→ What the task requires
Your answer must be an exact copy of the records below, minus any images.

──────────

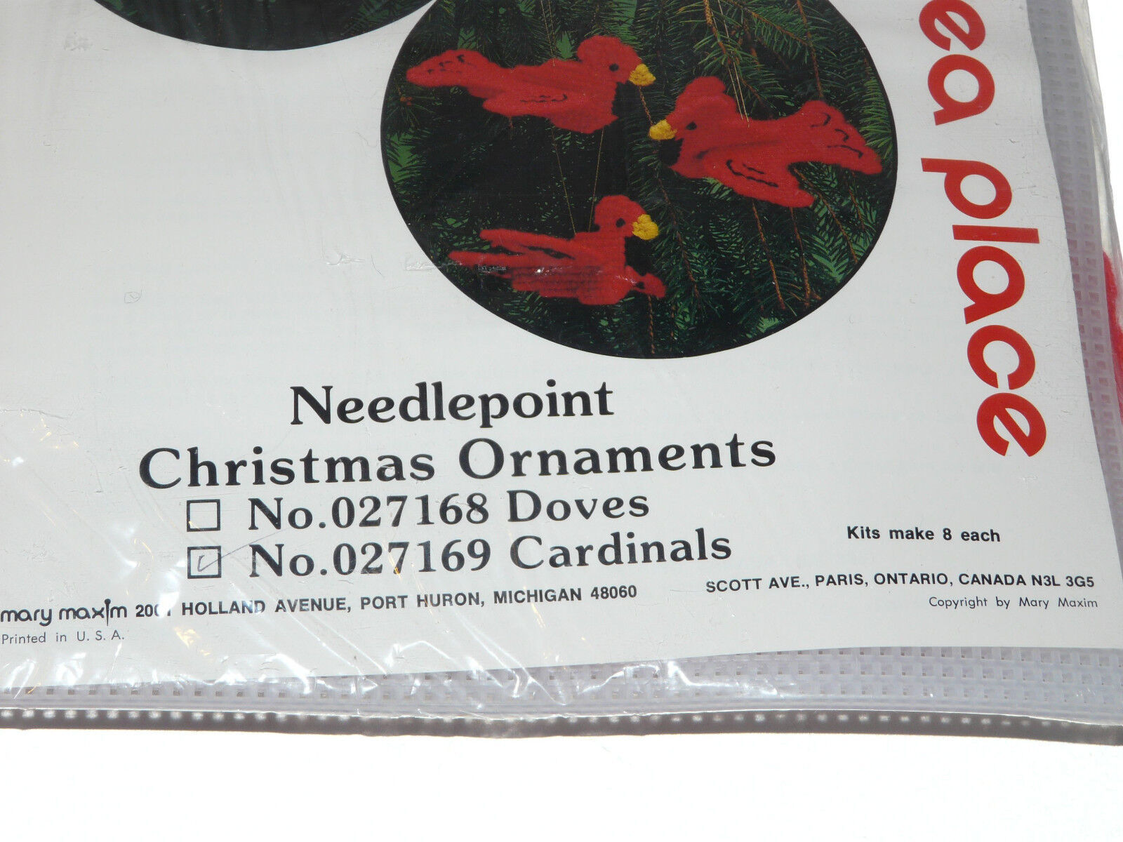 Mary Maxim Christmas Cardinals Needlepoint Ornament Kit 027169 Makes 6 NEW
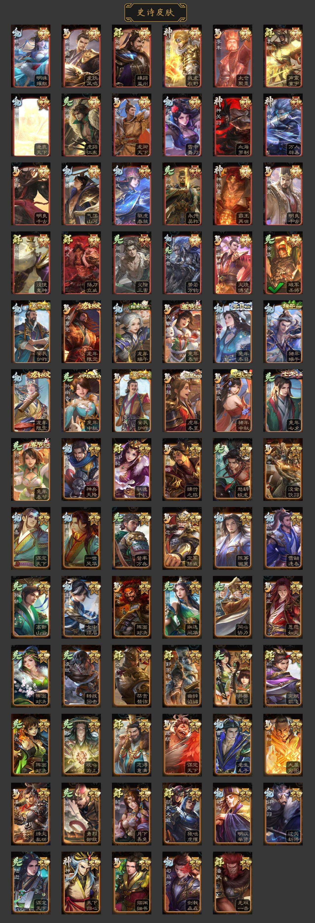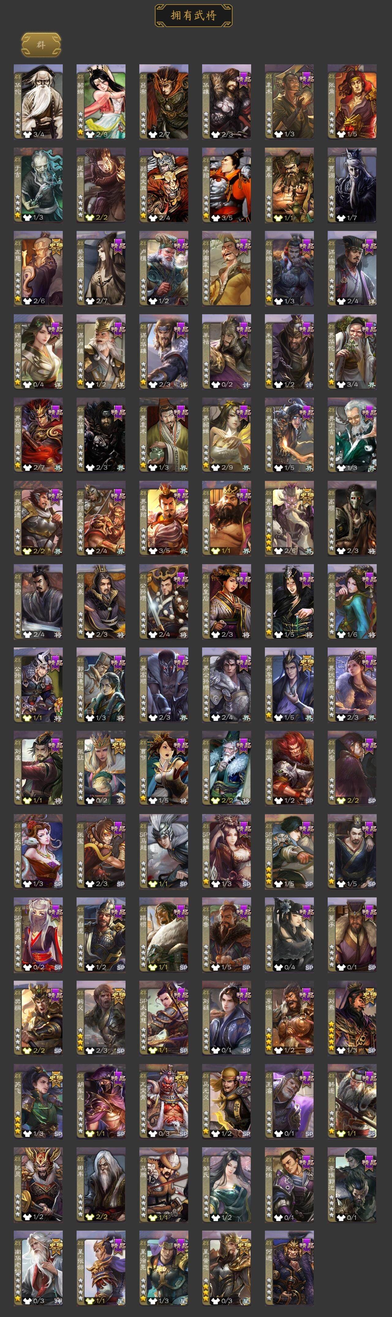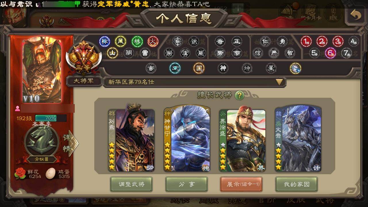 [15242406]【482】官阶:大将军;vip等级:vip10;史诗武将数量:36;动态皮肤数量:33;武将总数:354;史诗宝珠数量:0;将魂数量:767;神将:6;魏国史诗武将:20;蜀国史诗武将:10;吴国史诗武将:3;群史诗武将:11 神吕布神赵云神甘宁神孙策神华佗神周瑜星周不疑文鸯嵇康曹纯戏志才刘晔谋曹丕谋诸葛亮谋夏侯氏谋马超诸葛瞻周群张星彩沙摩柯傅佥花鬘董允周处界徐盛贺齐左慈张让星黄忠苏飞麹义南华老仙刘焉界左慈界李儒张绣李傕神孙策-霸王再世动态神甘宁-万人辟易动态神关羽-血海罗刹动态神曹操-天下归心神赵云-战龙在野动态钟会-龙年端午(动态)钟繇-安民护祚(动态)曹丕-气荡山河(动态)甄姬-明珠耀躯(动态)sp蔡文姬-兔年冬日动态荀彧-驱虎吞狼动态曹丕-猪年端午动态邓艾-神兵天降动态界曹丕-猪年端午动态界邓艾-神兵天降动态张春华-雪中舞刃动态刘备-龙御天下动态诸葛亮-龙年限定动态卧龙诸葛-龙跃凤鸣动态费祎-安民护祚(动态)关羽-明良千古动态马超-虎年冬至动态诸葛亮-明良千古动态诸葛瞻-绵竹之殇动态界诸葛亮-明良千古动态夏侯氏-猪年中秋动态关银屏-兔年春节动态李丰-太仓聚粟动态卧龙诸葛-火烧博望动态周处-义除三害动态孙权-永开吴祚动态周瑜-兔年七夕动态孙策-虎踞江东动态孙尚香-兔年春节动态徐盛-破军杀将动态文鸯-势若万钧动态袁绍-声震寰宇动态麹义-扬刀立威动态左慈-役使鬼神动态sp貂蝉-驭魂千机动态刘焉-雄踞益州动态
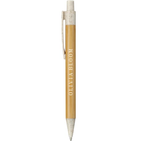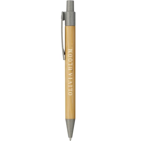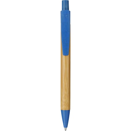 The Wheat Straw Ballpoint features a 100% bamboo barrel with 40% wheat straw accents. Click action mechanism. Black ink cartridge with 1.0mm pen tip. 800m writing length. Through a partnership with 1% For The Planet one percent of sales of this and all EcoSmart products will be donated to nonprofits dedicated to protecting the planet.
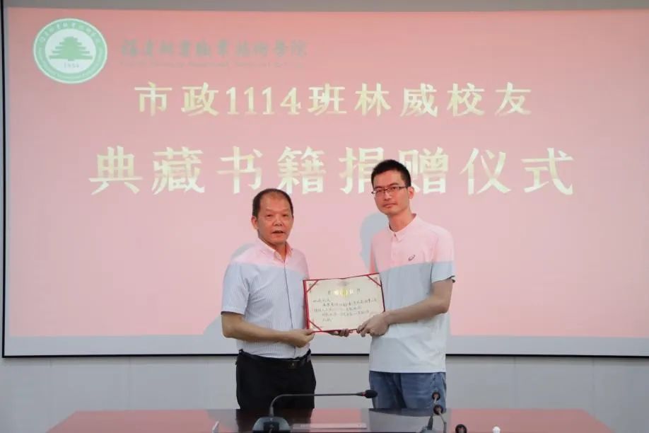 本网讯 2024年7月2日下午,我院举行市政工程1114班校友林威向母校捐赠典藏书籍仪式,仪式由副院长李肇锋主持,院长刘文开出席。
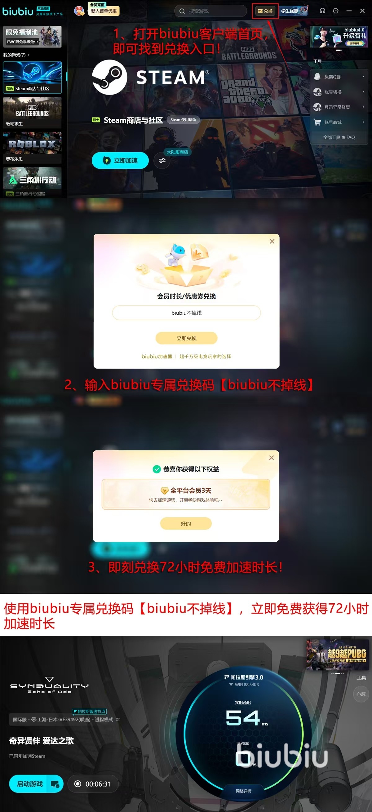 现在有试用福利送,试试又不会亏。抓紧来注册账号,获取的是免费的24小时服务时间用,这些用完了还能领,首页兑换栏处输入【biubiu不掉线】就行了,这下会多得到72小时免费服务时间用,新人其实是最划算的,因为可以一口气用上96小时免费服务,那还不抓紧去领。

──────────

→ Reply to the exercise
 Mary Maxim Christmas Cardinals Needlepoint Ornament Kit 027169 Makes 6 NEW
 [15242406]【482】官阶:大将军;vip等级:vip10;史诗武将数量:36;动态皮肤数量:33;武将总数:354;史诗宝珠数量:0;将魂数量:767;神将:6;魏国史诗武将:20;蜀国史诗武将:10;吴国史诗武将:3;群史诗武将:11 神吕布神赵云神甘宁神孙策神华佗神周瑜星周不疑文鸯嵇康曹纯戏志才刘晔谋曹丕谋诸葛亮谋夏侯氏谋马超诸葛瞻周群张星彩沙摩柯傅佥花鬘董允周处界徐盛贺齐左慈张让星黄忠苏飞麹义南华老仙刘焉界左慈界李儒张绣李傕神孙策-霸王再世动态神甘宁-万人辟易动态神关羽-血海罗刹动态神曹操-天下归心神赵云-战龙在野动态钟会-龙年端午(动态)钟繇-安民护祚(动态)曹丕-气荡山河(动态)甄姬-明珠耀躯(动态)sp蔡文姬-兔年冬日动态荀彧-驱虎吞狼动态曹丕-猪年端午动态邓艾-神兵天降动态界曹丕-猪年端午动态界邓艾-神兵天降动态张春华-雪中舞刃动态刘备-龙御天下动态诸葛亮-龙年限定动态卧龙诸葛-龙跃凤鸣动态费祎-安民护祚(动态)关羽-明良千古动态马超-虎年冬至动态诸葛亮-明良千古动态诸葛瞻-绵竹之殇动态界诸葛亮-明良千古动态夏侯氏-猪年中秋动态关银屏-兔年春节动态李丰-太仓聚粟动态卧龙诸葛-火烧博望动态周处-义除三害动态孙权-永开吴祚动态周瑜-兔年七夕动态孙策-虎踞江东动态孙尚香-兔年春节动态徐盛-破军杀将动态文鸯-势若万钧动态袁绍-声震寰宇动态麹义-扬刀立威动态左慈-役使鬼神动态sp貂蝉-驭魂千机动态刘焉-雄踞益州动态
 The Wheat Straw Ballpoint features a 100% bamboo barrel with 40% wheat straw accents. Click action mechanism. Black ink cartridge with 1.0mm pen tip. 800m writing length. Through a partnership with 1% For The Planet one percent of sales of this and all EcoSmart products will be donated to nonprofits dedicated to protecting the planet.
 本网讯 2024年7月2日下午,我院举行市政工程1114班校友林威向母校捐赠典藏书籍仪式,仪式由副院长李肇锋主持,院长刘文开出席。
 现在有试用福利送,试试又不会亏。抓紧来注册账号,获取的是免费的24小时服务时间用,这些用完了还能领,首页兑换栏处输入【biubiu不掉线】就行了,这下会多得到72小时免费服务时间用,新人其实是最划算的,因为可以一口气用上96小时免费服务,那还不抓紧去领。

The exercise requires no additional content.